Наконец пришел экскурсовод, толстый человек в украинской расшитой рубахе и в золотых очках, отдаленно напоминающий Никиту Хрущева в его добродушной ипостаси, и повел их вниз по тенистой аллее. Было прохладно и таинственно. Экскурсовод рассказывал о богатейшей крымской флоре, о редких растениях-эндемиках, живущих исключительно в здешних местах, о древних мифах, связанных с растениями…

Тома была городской девочкой, деревню ненавидела, можно сказать, по личным причинам. Проводя в детстве летние месяцы в деревне, она не заметила там никакой природы, все казалось обыденным и оскорбительно бедным. Лес, поле, пруд соединялись в ее опыте с тяжелой работой: в лес посылали собирать ягоду для продажи, в поле – помогать на уборке, на пруд – полоскать белье. Здесь, в Крыму, в Ботаническом саду природа была бескорыстна, не требовала от нее никаких трудовых усилий. И даже море, соленая вода, которую никому не надо таскать в ведрах из-под горы, создано было исключительно для радости плавания и ныряния.

Тома украдкой гладила глянцевитые, и мохнатенькие, и сухие, как старая бумага, и хвойчатые, игольчатые листья кустарников, охраняющих дорожки Ботанического сада, и пальцы ее наполнялись неведанной прежде радостью. Недоласканная в младенчестве, не знающая любовного прикосновения в детстве, и теперь, обеспеченная всеми необходимыми вещами, она была по-прежнему лишена любовного прикосновения, без которого все живое страдает, болеет, хиреет… Может быть, и ее малый рост объяснялся тем, что трудно расти без любовного прикосновения, как без какого-то специального неведомого витамина…

У хрущевообразного экскурсовода оказался совершенно волшебный голос, и то, что он говорил, было настоящей сказкой.

– Вот акация, – указывал он на небольшое, цветущее сладким желтым цветом дерево, – одно из великих деревьев. Египетская богиня Хатхор, Великая Корова, рождающая солнце и звезды, по верованиям древних египтян, имела также ипостась дерева акации, дерева жизни и смерти. Акация была оракулом одной из великих богинь плодородия Передней Азии, и даже древние евреи, отвергающие идолопоклонство, соблазнились акацией – они называли ее «дерево ситтим» и еще в древние времена построили из нее ковчег завета…

Из всего сказанного понятно было Томе только одно слово – корова.
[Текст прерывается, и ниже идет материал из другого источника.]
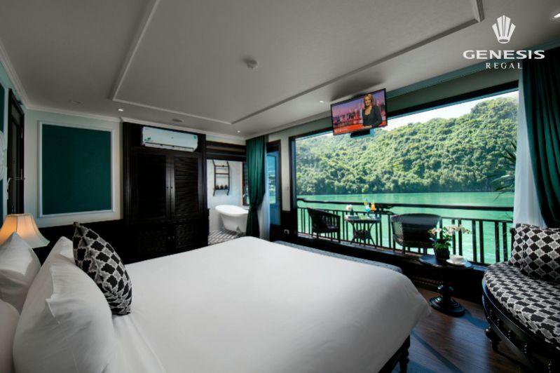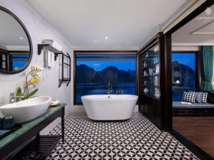 - Phòng nghỉ trên du thuyền sang trọng tiêu chuẩn 5 sao (Tất cả các phòng đều có ban công riêng, full view hướng biển và nhà tắm đứng + bồn tắm nằm, wifi và truyền hình vệ tinh….)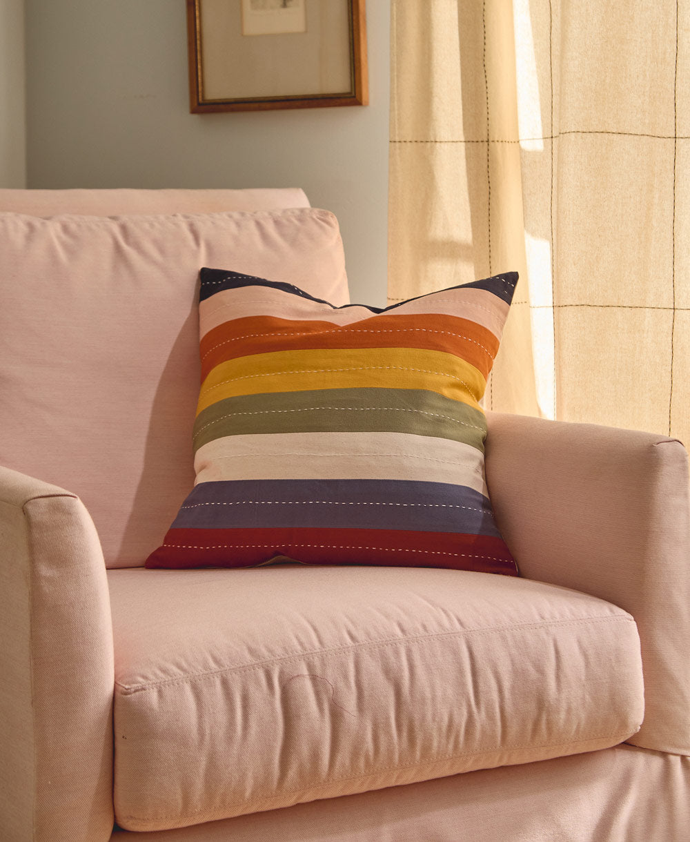 Add a playful pop of color to your space with this rainbow square pillow. Bursting with vibrant, multi-colored stripes and delicate rows of kantha stitching, this throw pillow is as fun as it is functional. The removable cover makes cleaning a breeze, while the plush down feather insert promises cloud-like comfort. Whether you mix and match it with our other rainbow pillows or pair it with our charming cross-stitch throw pillows, this piece is sure to brighten up any corner of your home!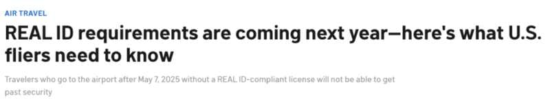 从2025年5月7日开始,除非旅客的驾照或身份证右上角有REAL ID的星形标记,否则他们将无法登上国内航班、进入某些联邦设施或进入核电站。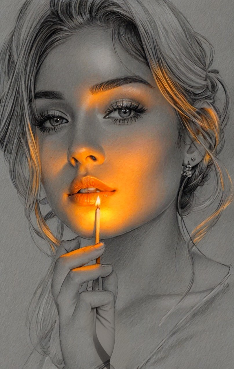 Black and white pencil sketch of a beautiful woman holding single match in front her face where the soft yellow light illuminates her beautiful features. she has her hair tied up in a messy bun with some strands of hair falling in her face.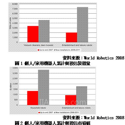 至2007年底為止全球家務(wù)用機(jī)器人計(jì)有340萬臺,娛樂休閒用機(jī)器人200萬臺;2008~2011年全球預(yù)估將有家務(wù)用機(jī)器人460萬臺,娛樂休閒用735萬臺,合計(jì)約1仟2佰多萬臺安裝量,未來四年市場總值合計(jì)約57億美元。(參見圖1、圖2)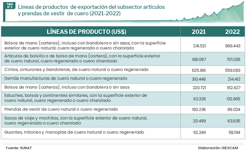 Las exportaciones del subsector “Artículos y prendas de vestir de cuero” llegaron a 53 destinos comerciales en el 2022, por un valor de US$ 3,8 millones, un crecimiento del 13% respecto al 2021. Si bien es cierto, que las cifras mostradas no son muy alentadoras debido a su bajo volumen de comercialización, debemos tomar en cuenta que es un subsector seminuevo que está tomando relevancia poco a poco.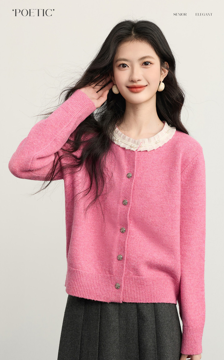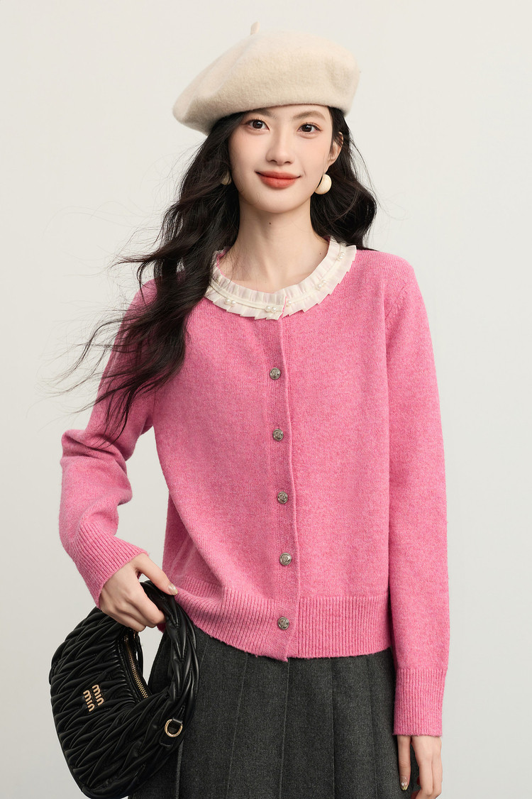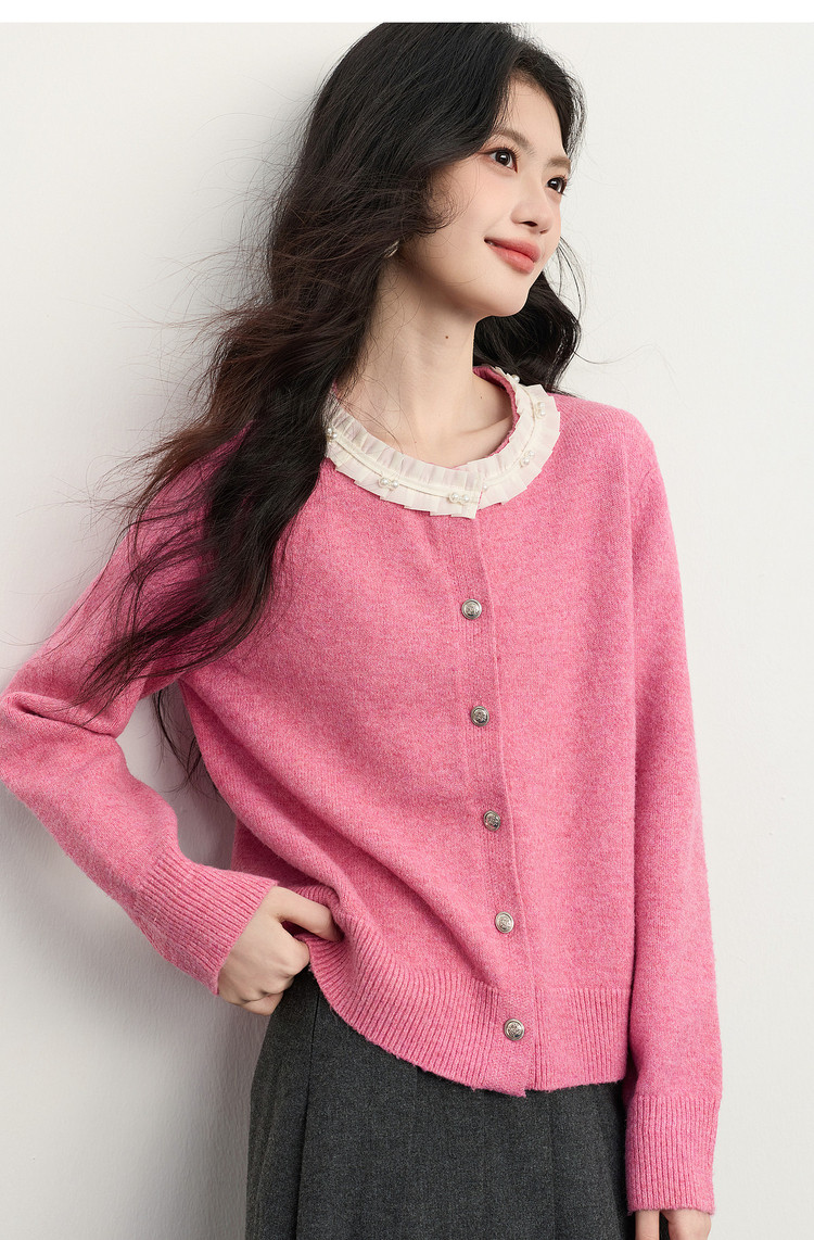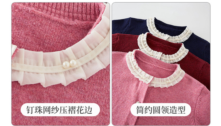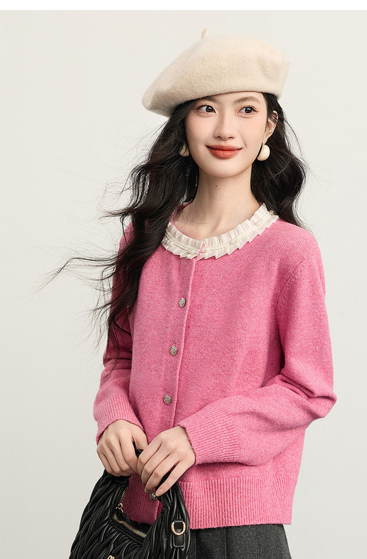 【年货节】熙世界小香风气质钉珠蕾丝花边圆领针织毛衣开衫女2025年秋冬新款

Все остальное было непонятно, но здорово. И оказывалось, что каждое дерево, каждый куст, и даже самый маленький цветок имеют иностранное имя, историю, географию и, самое удивительное, легенду своего пребывания в мире. А она, Тамара Полосухина, ничего подобного не имеет, и даже по сравнению с елкой или ромашкой ничего не значит…

И еще возникло чувство – оформленных мыслей у Томы не было, только чувства, приправленные мыслью, – взаимной симпатии с растениями и равенства в незначительности.
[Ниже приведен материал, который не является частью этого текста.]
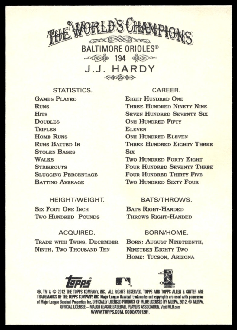 This Baseball card, from 2012 is part of the Topps Allen & Ginter card set. J.J. Hardy is featured and has a card number of 194.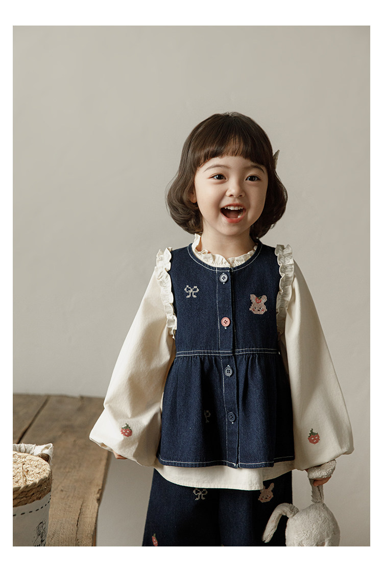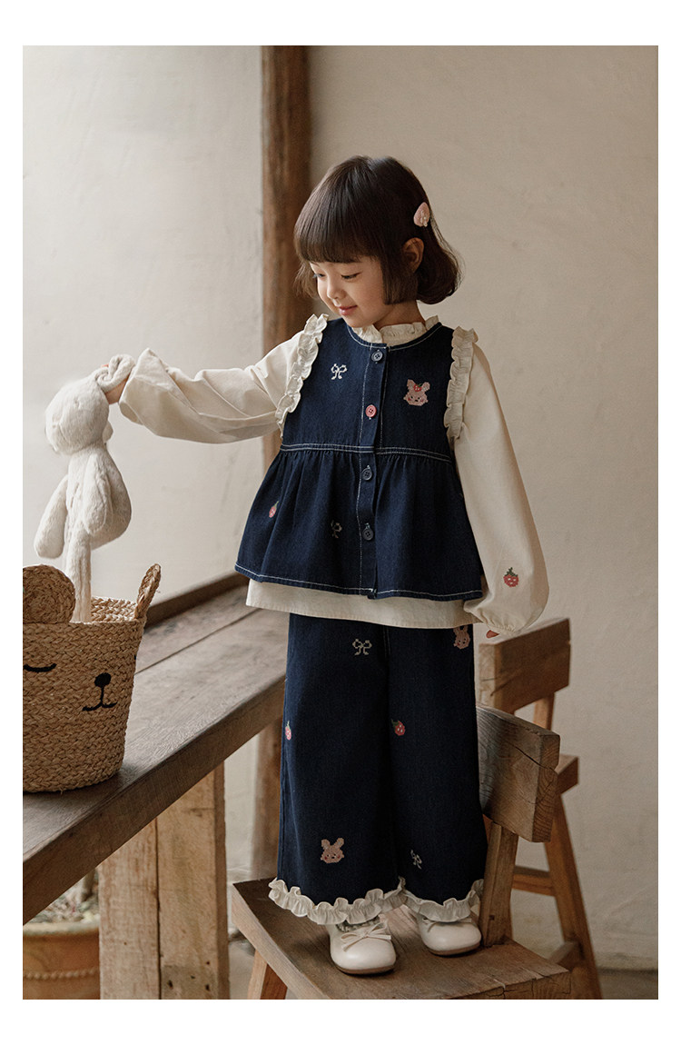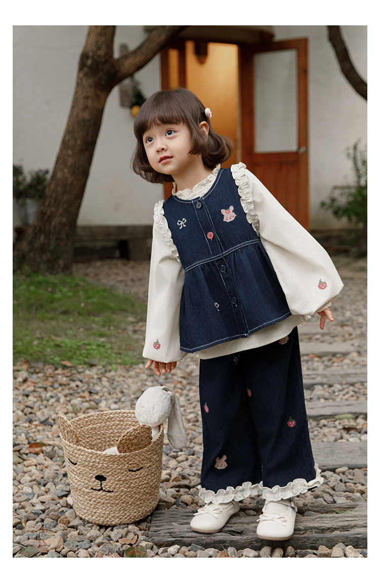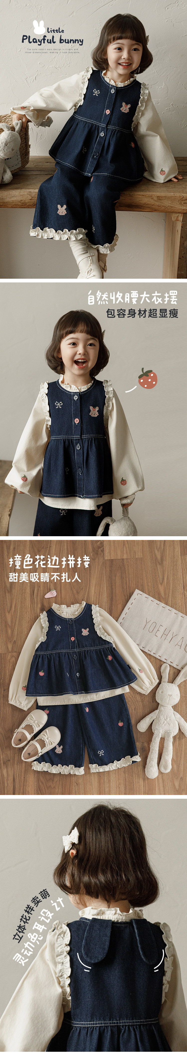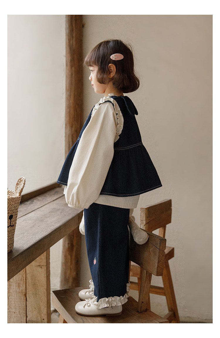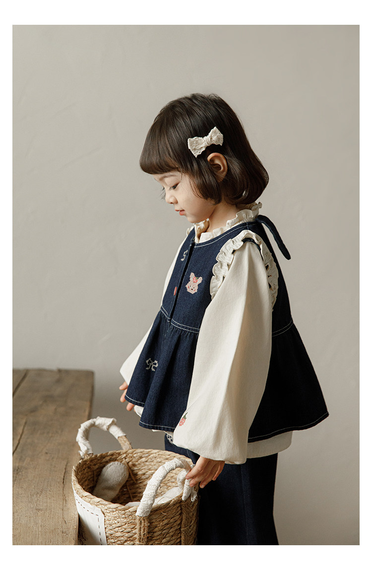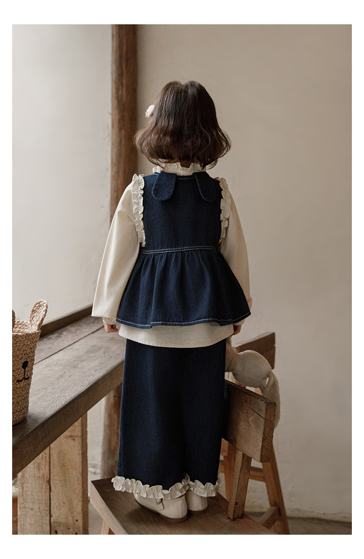 Wulibuyi niñas 2026 primavera nueva camisa de cuello de hongo para niños chaleco sin mangas jeans set

«Наверное, среди этих растений есть какое-то одно, точно такое же, как я… Если бы я его увидела, я бы сразу узнала», – думала Тома, касаясь на ходу рододендрона и самшита…

Ни в мыслях, ни в чувствах Таня с Томой почти никогда не совпадали, а если и совпадали, то исключительно благодаря Томиному умению подстроиться на Танину волну. На этот раз они думали об одном и том же: а если бы я была растением, то каким именно?

Из карманных денег, которые Таня тратила немедленно и нерасчетливо, а Тома слегка зажимала, Тома купила в ларьке на выходе из Ботанического сада два набора открыток с местными и средиземноморскими видами растений и скучную книгу «Флора Крыма».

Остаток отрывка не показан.